«Nunca mais me esqueço da forma como o João Pinto me recebeu» – Entrevista BnR com João Tomás

    – Seleção A –

    BnR: Estreias-te a 15 de novembro de 2000, contra Israel. Que memórias tens deste dia?

    JT: Ui… Memórias muito emocionais. Recebo a chamada estou a entrar na autoestrada para ir para Lisboa, tinha vindo passar a folga a Oliveira do Bairro, lembro-me perfeitamente de onde estava. Atendo a chamada e era o António Oliveira. “Olá João, daqui fala o mister António Oliveira” e eu caiu-me tudo e disse “Então mister?”. Ele disse que o Sá Pinto se tinha lesionado e que eu estava convocado. A viagem para Lisboa foi muito difícil, mas a emoção foi maior no dia seguinte quando vou à Luz levantar as minhas coisas para ir para Braga. Nunca mais me esqueço da cara do preparador físico, o Ángel Vilda, a emoção que ele tinha, e não me esqueço daquilo que me disse o Mourinho, foi um momento muito importante.

    BnR: Porquê?

    JT: Foi tudo muito rápido, eu nunca tinha jogado em seleção nenhuma, de repente salto do futebol distrital para o Anadia, do Anadia para Académica, de repente estou no Benfica e agora estou na seleção nacional. Como deves imaginar, para um miúdo de Oliveira do Bairro, nos anos 90 e tal, 2000, não era fácil assimilar isso. Os miúdos hoje em dia estão muito mais preparados. Nós éramos mais reservados, tínhamos mais dificuldades perante a novidade. Depois apanhei o avião para o Porto, estava um táxi à minha espera para ir para Braga. São acontecimentos que nunca se esquecem.

    João Tomás somou 4 internacionalizações e 1 golo
    Fonte: FPF

    BnR: Como foi a chegada ao hotel onde já estava a seleção?

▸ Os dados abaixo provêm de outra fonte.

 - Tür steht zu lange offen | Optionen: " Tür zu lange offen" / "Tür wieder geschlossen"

    JT: Como deves imaginar, o impacto foi muito grande em termos psicológicos e emotivos, porque estamos a falar da seleção de Vítor Baía, Fernando Couto, Rui Costa, Figo. Aí é que se vê a grandeza dos craques, eu nunca mais me esqueço da forma como o João Pinto me recebeu quando eu cheguei à Luz e nunca mais me esqueço da forma como o Figo me recebeu quando eu cheguei ao hotel da seleção. E pronto, a partir desse momento, tudo fica mais fácil. Porque eles são os verdadeiros campeões em tudo e sabem que aquela situação é difícil para ti, é complicado aquele primeiro impacto. E eu nunca me esqueci disso quando fui capitão, por exemplo no Rio Ave, porque eu percebi que quem está a chegar novo precisa de ajuda.

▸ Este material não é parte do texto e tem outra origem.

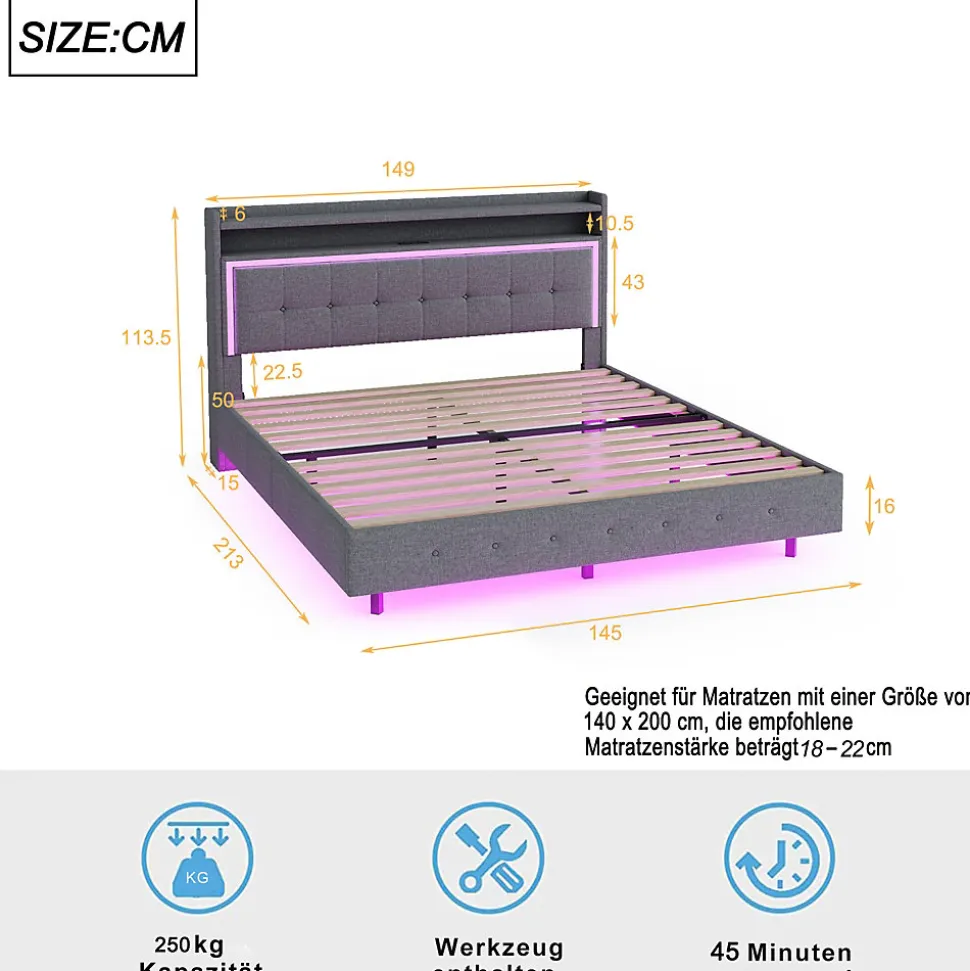 ▶ ▶ Détails ▶────────────────● Nom du produit : Lit double● Dimensions du produit : 213 x 145 x 113,5 cm● Couleur : Gris● Dimensions : 140 x 200 cm (sans matelas)● Poids total du produit : 46 kg● Capacité de charge : 250 kg● Épaisseur de matelas recommandée : 18–22 cm● Matériau du produit : Lin + Métal + Contreplaqué + MDF● Niveau de montage : Montage complet requis / Montage partiel● Poids total du colis : 48,5 kg● Nombre de lattes : 12● Temps estimé de montage : 2 heures● Nombre de personnes recommandé : 2● Outils supplémentaires nécessaires : Tous les outils inclus / Tournevis● Évitez l’utilisation d’outils électriques : Oui● Nombre de colis : 2► Remarques ►※ Ce produit sera expédié en 2 colis, qui peuvent ne pas arriver simultanément. Merci de votre patience.※ En raison de la mesure manuelle, une variation de 2 à 3 cm peut se produire.※ En raison de l’éclairage, des différences de couleur peuvent exister entre l’image du produit et le produit réel. Merci de vous référer au produit que vous recevez.※ Si vous avez des questions lors de l’installation, veuillez nous contacter dès que possible.

    BnR: Como era o António Oliveira como selecionador nacional?

    JT: Eu privei com ele duas, três vezes. É uma personalidade que temos oportunidade de ver agora a fazer aqueles comentários no canal 1 ao domingo à noite e ficamos maravilhados com aquela postura.

    BnR: Representar a seleção nacional é o expoente máximo da carreira de um jogador?

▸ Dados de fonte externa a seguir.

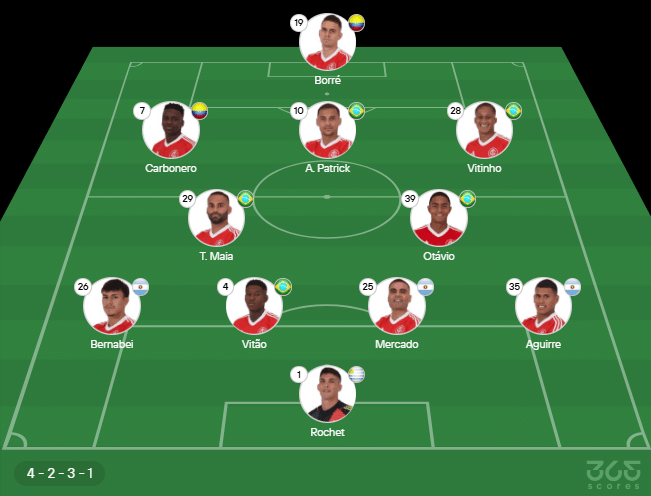 - Provável escalação do Internacional: Rochet; Aguirre, Mercado, Vitão e Bernabei; Otávio e Thiago Maia; Vitinho, Alan Patrick e Carbonero; Borré

    JT: É, não tenho dúvidas.

    BnR: Como era o ambiente na seleção? Havia rivalidade de clubes?

    JT: Não, isso é um mito (risos).

    BnR: Marcas um golo pela Seleção, num amigável com o Kuwait em 2007. Qual é a sensação de marcar pelo teu país?

    JT: Era o que me faltava, digamos que se havia peso que estava ali para sair das costas saiu naquele momento.

    BnR: Sentes que houve alturas em que merecias a chamada à seleção, mas, como não estavas num grande, acabavas por não ser selecionado?

    JT: Sim, claro. Mas isso eu já disse muitas vezes, não vale a pena estar-me a repetir, porque não acredito que tenha sido por eu jogar no Rio Ave. Acredito que, com a performance com que eu estava no Rio Ave, se fosse com o Fernando Santos, não tenho dúvidas que era chamado.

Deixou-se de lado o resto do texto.